BitMine Immersion Technologies (BMNR), chaired by renowned Wall Street analyst Tom Lee, announced it will invest in the parent company behind the top influencer MrBeast, Beast Industries. Meanwhile, Beast Industries stated in an official release that the company will explore how to “integrate DeFi into the upcoming financial services platform.”

If you only read the news, it seems like another familiar crossover: traditional finance, crypto, influencers, startups—on one side is the YouTube giant with over 400 million cumulative subscribers, where a single video can be algorithmically weighted in your favor; on the other side is a top crypto analyst from Wall Street, skilled at weaving blockchain concepts into balance sheets—everything seems logical.

The Path of MrBeast

Looking back at MrBeast’s early videos, it’s hard to connect them with today’s $5 billion valuation of Beast Industries.

In 2017, shortly after graduating high school, Jimmy Donaldson( uploaded a video of himself counting from 1 to 44 hours straight—“Challenge: Count from 1 to 100000!” The content was simple to the point of childishness, with no plot, no editing—just one person facing the camera, repeating numbers over and over, yet it marked a turning point in his content career.

At that time, he was under 19, with only about 13,000 subscribers.

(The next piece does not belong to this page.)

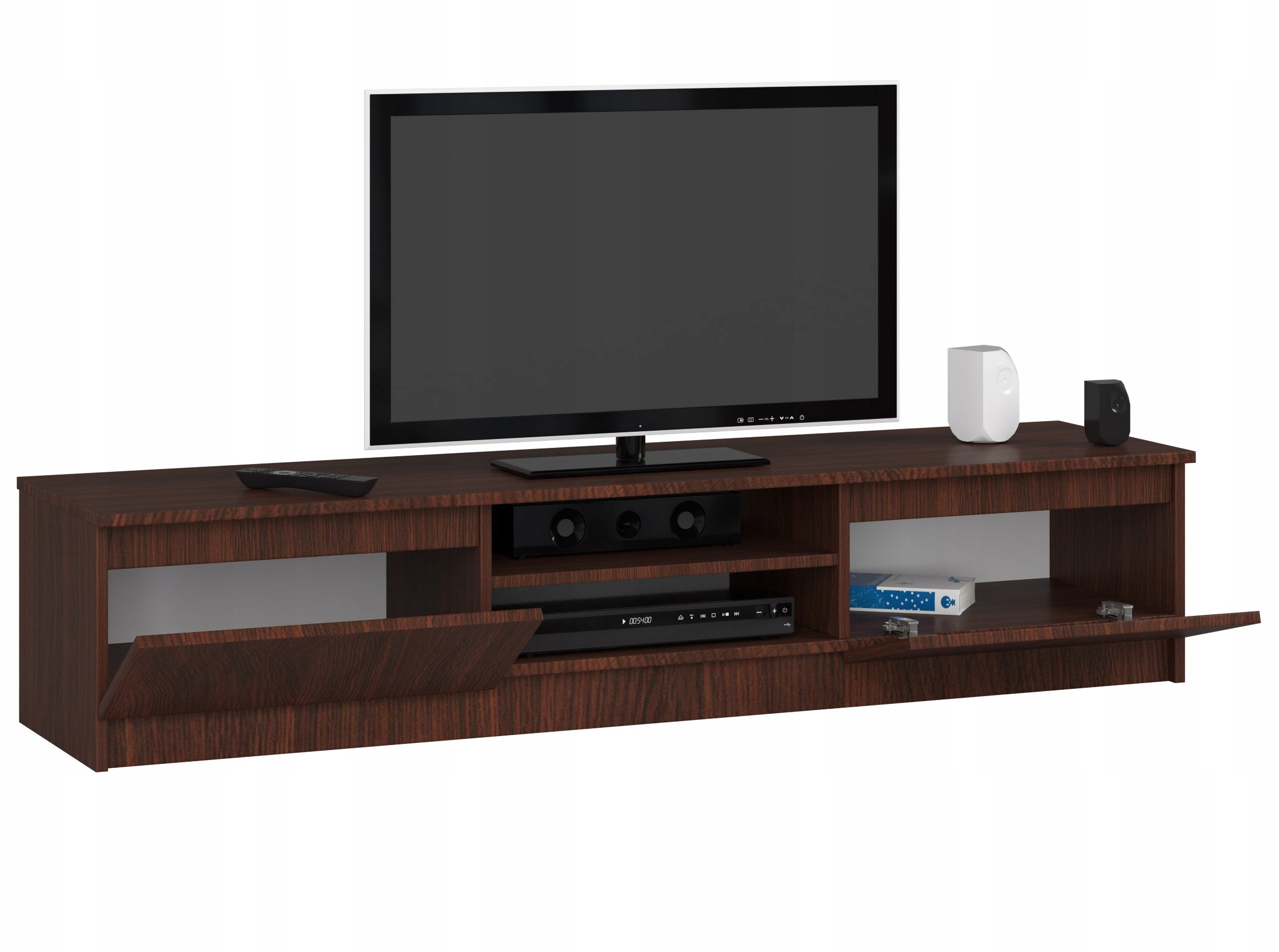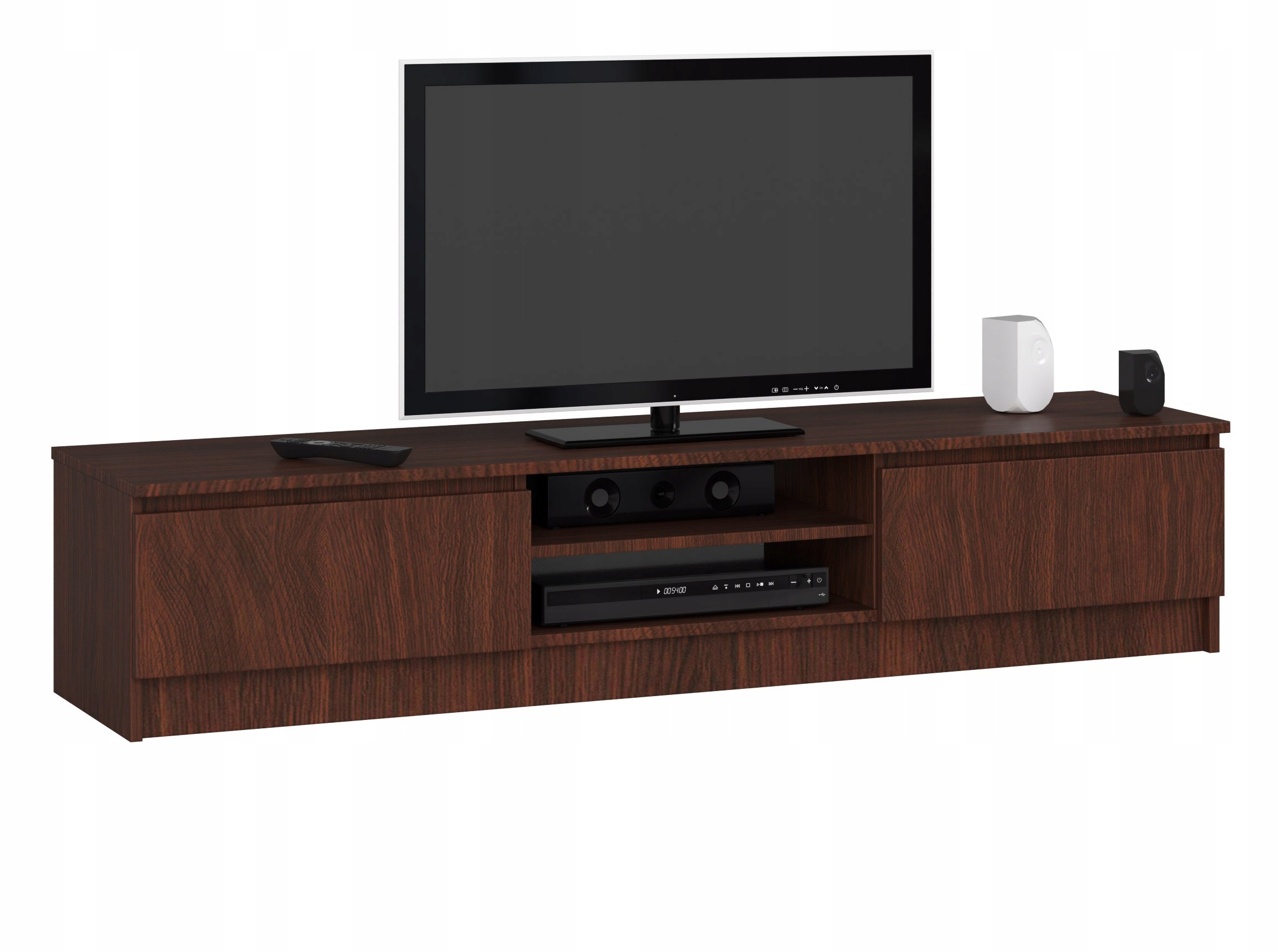 Телевізійна шафа кольору венге має дві полиці, на яких можна вдало розташувати елегантні доповнення, аксесуари, а також такі пристрої, як приставка або консоль і DVD-програвач. Але це ще не все, по обидва кінці тумби під телевізор є дверцята, що ведуть до містких шаф, які вміщають велику кількість документів і аксесуарів. Представлена модель має довжину 160 сантиметрів, тому в ній можна встановити великогабаритні телевізори. До того ж його висота всього 33 сантиметри, тож відпочивати перед телевізором можна під потрібним кутом! Варто додати, що глибина шафи становить 40 сантиметрів.

The video quickly surpassed one million views, becoming the first viral phenomenon globally.

Later, in interviews, he recalled that period and said:

“I wasn’t really trying to go viral; I just wanted to see if, by dedicating all my time to something no one else wanted to do, the results would be different.”

Jimmy Donaldson succeeded in building his channel into what is now known as MrBeast. But more importantly, from that moment on, he developed an almost obsessive belief: attention is not a gift from talent but earned through投入 and endurance.

Treat YouTube as a Business, Not Just a Platform for Creation

Many creators, after gaining popularity, choose to “consolidate”: reduce risks, improve efficiency, and turn content into stable cash flow.

MrBeast took the opposite approach.

He repeatedly emphasizes in interviews:

“Most of the money I make is spent on the next video.”

This is the core of his business model.

By 2024, his main channel has over 460 million subscribers, with total video views exceeding 100 billion. But behind this success are extremely high costs:

  • Cost of producing a top-tier video: often between $3 million and $5 million;

  • Some large challenges or charity projects can cost over $10 million;

  • His “Beast Games” on Amazon Prime Video, which he describes as “completely out of control,” and in interviews admits to losing tens of millions of dollars.

He said this without regret:

“If I don’t do this, viewers will go watch others.

At this level, you can’t save costs and still expect to win.”

This statement is almost the key to understanding Beast Industries.

Beast Industries: $400 million annual revenue, but thin profit margins

By 2024, MrBeast unified all his businesses under the name Beast Industries.

From publicly available information, this company has far exceeded the scope of a “creator side hustle”:

  • Annual revenue over $400 million;

  • Business spans content production, FMCG retail, licensing, and tools;

  • After the latest funding round, market valuation is generally expected to be around $5 billion.

But it’s not easy.

While MrBeast’s YouTube main channel and Beast Games bring massive exposure, they almost consume all profits.

In stark contrast is his chocolate brand Feastables. Public data shows that in 2024, Feastables’ sales reached about $250 million, contributing over $20 million in profit. This marks Beast Industries’ first stable, replicable cash flow business. By the end of 2025, Feastables has entered over 30,000 retail stores across North America (including Walmart, Target, 7-Eleven), covering the US, Canada, and Mexico, greatly enhancing the brand’s offline sales capacity.

MrBeast has openly stated multiple times that video production costs are rising and becoming “harder to recoup.” Yet he continues to invest heavily in content creation because, in his view, this isn’t just paying for videos but buying traffic for the entire business ecosystem.

The core barrier of the chocolate business isn’t production but reaching consumers. While other brands need to spend huge sums on advertising, he only needs to release a video. Whether the video is profitable or not doesn’t matter; as long as Feastables keeps selling, the business cycle can continue.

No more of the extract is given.